On 7 April 2014, OpenSSL's Heartbleed bug was publicly disclosed and fixed. The vulnerability, which had been shipped in OpenSSL's current version for more than two years, made it possible for hackers to retrieve information such as usernames, passwords and credit card numbers from supposedly secure transactions. At that time, roughly 17% (around half a million) of the Internet's secure web servers certified by trusted authorities were believed to be vulnerable to the attack.

==Open-source software==
According to Linus's law, from Raymond's book The Cathedral and the Bazaar, "Given enough eyeballs, all bugs are shallow." In other words, if there are enough people working on the software, a problem will be found quickly and its fix will be obvious to someone. Raymond stated in an interview that "there weren't any eyeballs" for the Heartbleed bug.

Prior to the CII funding, only one person, Stephen Henson, worked full-time on OpenSSL; Henson approved well over half of the updates to more than 450,000 lines of the OpenSSL's source code. Besides Henson, there are three core volunteer programmers. The OpenSSL Project existed on a budget of $2,000 per year in donations, which was enough to cover the electrical bill, and Steve Henson was earning around $20,000 per year. To gather more revenue for the project, Steve Marquess, a consultant for the Defense Department, created the OpenSSL Software Foundation. This allowed programmers to make some money by consulting for organizations that used the code. However, the foundation brought in less than $1 million per year, and the contract work tended to focus on adding new features rather than maintaining the old ones.

Other open-source software projects have similar difficulties. For example, the maintainers of OpenBSD, a security-conscious operating system, nearly had to shut the project down in early 2014 because it could not pay the electricity bills.

==The initiative==
Jim Zemlin, the executive director of the Linux Foundation, conceived the idea of the Core Infrastructure Initiative not long after Heartbleed was announced, and spent the night of April 23 calling firms for support. Thirteen companies responded and joined the initiative: Amazon Web Services, Cisco Systems, Dell, Facebook, Fujitsu, Google, IBM, Intel, Microsoft, NetApp, Rackspace, Qualcomm and VMware. The list was mainly determined by who Zemlin knew. Each of the thirteen companies has pledged to donate $100,000 a year for the next three years bringing the initial funding pool to almost $4 million. An additional five companiesAdobe Systems, Bloomberg L.P., Hewlett-Packard, Huawei, and Salesforce.comhave since joined the initiative.

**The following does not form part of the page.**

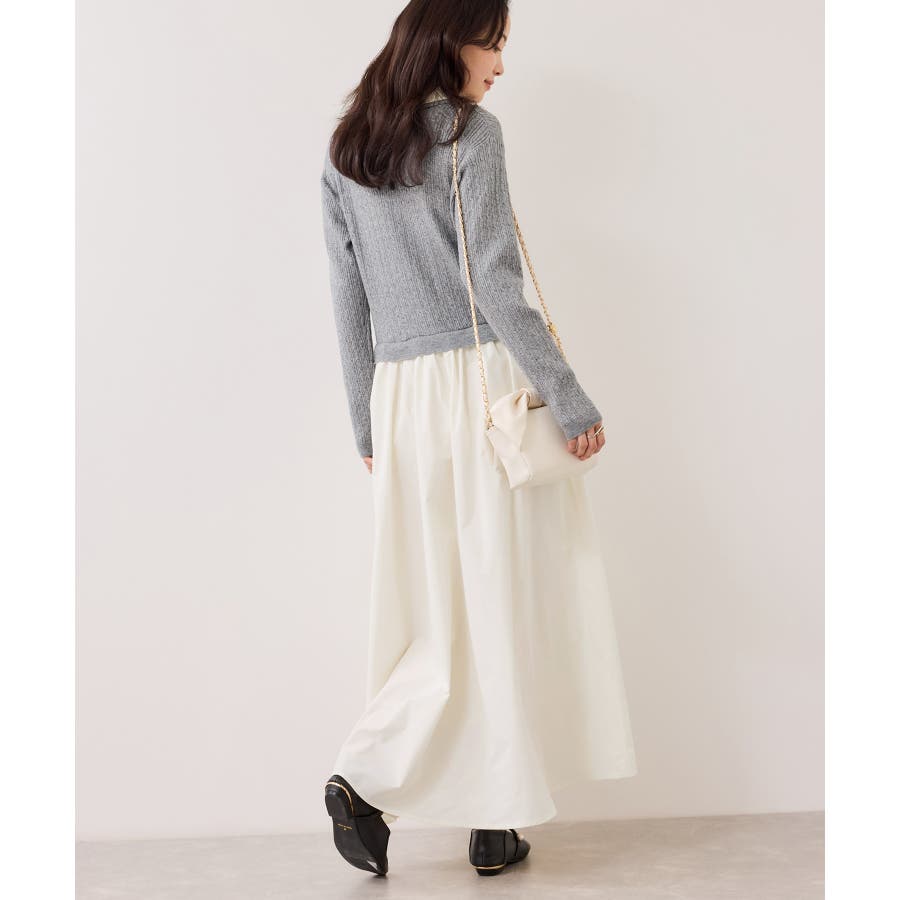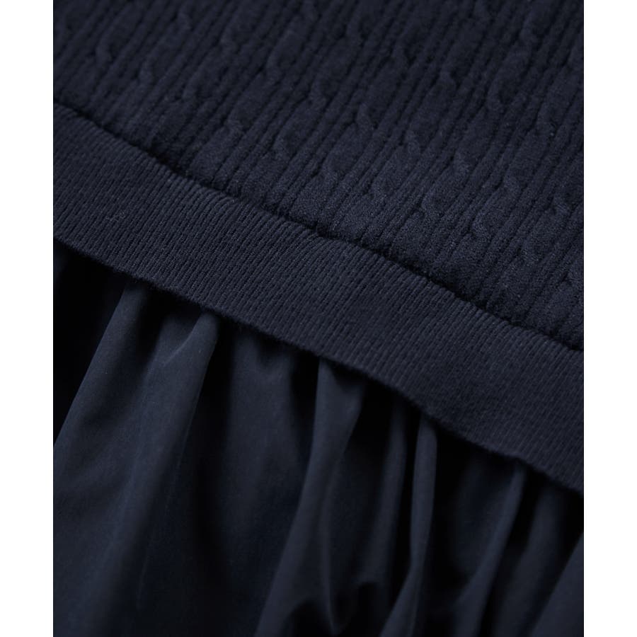 トップス部分は柔らかく肌触りの良いケーブル編みのニット。スカート部分は程よく張り感のあるタフタ素材です。

The money that the CII pooled was used to fund specific tasks such as providing compensation to developers to work full-time on an open-source software project, conducting reviews and security audits, deploying test infrastructure, and facilitating travel and face-to-face meetings among developers.

The CII was composed of two bodies, a steering committee and an advisory board. The steering committee was made up of representatives from the member companies and other industry stakeholders and the committee was in charge of identifying target software projects and approving specific funding to those projects. The advisory board, composed of developers and other stakeholders, provided advice to the steering committee.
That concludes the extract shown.